§ What to work on: Nothing but the lines from the one with "Кофе, шоколад и" through the end of the data should be set down, each exactly as written, and no picture should be included.

§ Provided material:
== == ==

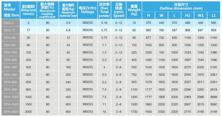 该机工作时,混料器具有三维空间运动,在进行自转的同时进行公转,混料器一方面具有强烈的湍动作用,加速了物料的流动和扩散,另一方 面有翻转和平移运动,克服了离心力的影响,使物料不会产生比重偏析和集聚现象,也无死角,保证混合均匀。特点
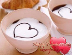 Кофе, шоколад и любимый человек. Что еще надо для счастья? Предлагаю встретить начало дня Святого Валентина с двумя чашками вот такого красивого, бодрящего, сердечного напитка. Идея найдена на сайте Vkusnjasha.ru.
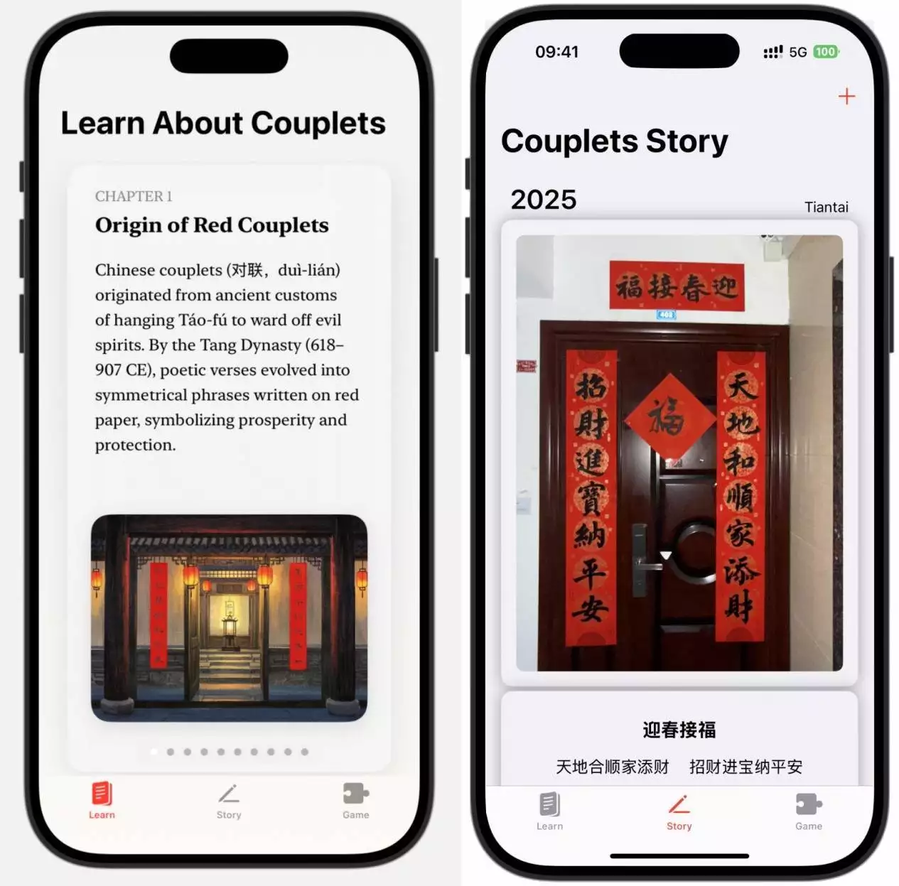 来自浙江大学计算机科学与技术专业的林雨泽,今年 21 岁,他的参赛作品“Couplets”(对联)应用源于春节贴对联的习俗。他发现人们对过往对联的记忆逐渐模糊,传统春节文化的韵味在数字化时代有所淡化,于是决心通过这款应用让人们重新关注春节对联所承载的文化内涵。
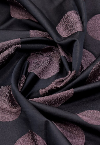 Ткань атлас жаккард горох черный c розовым костюмно-плательный

== == ==

§ Finished exercise:
 Кофе, шоколад и любимый человек. Что еще надо для счастья? Предлагаю встретить начало дня Святого Валентина с двумя чашками вот такого красивого, бодрящего, сердечного напитка. Идея найдена на сайте Vkusnjasha.ru.
 来自浙江大学计算机科学与技术专业的林雨泽,今年 21 岁,他的参赛作品“Couplets”(对联)应用源于春节贴对联的习俗。他发现人们对过往对联的记忆逐渐模糊,传统春节文化的韵味在数字化时代有所淡化,于是决心通过这款应用让人们重新关注春节对联所承载的文化内涵。
 Ткань атлас жаккард горох черный c розовым костюмно-плательный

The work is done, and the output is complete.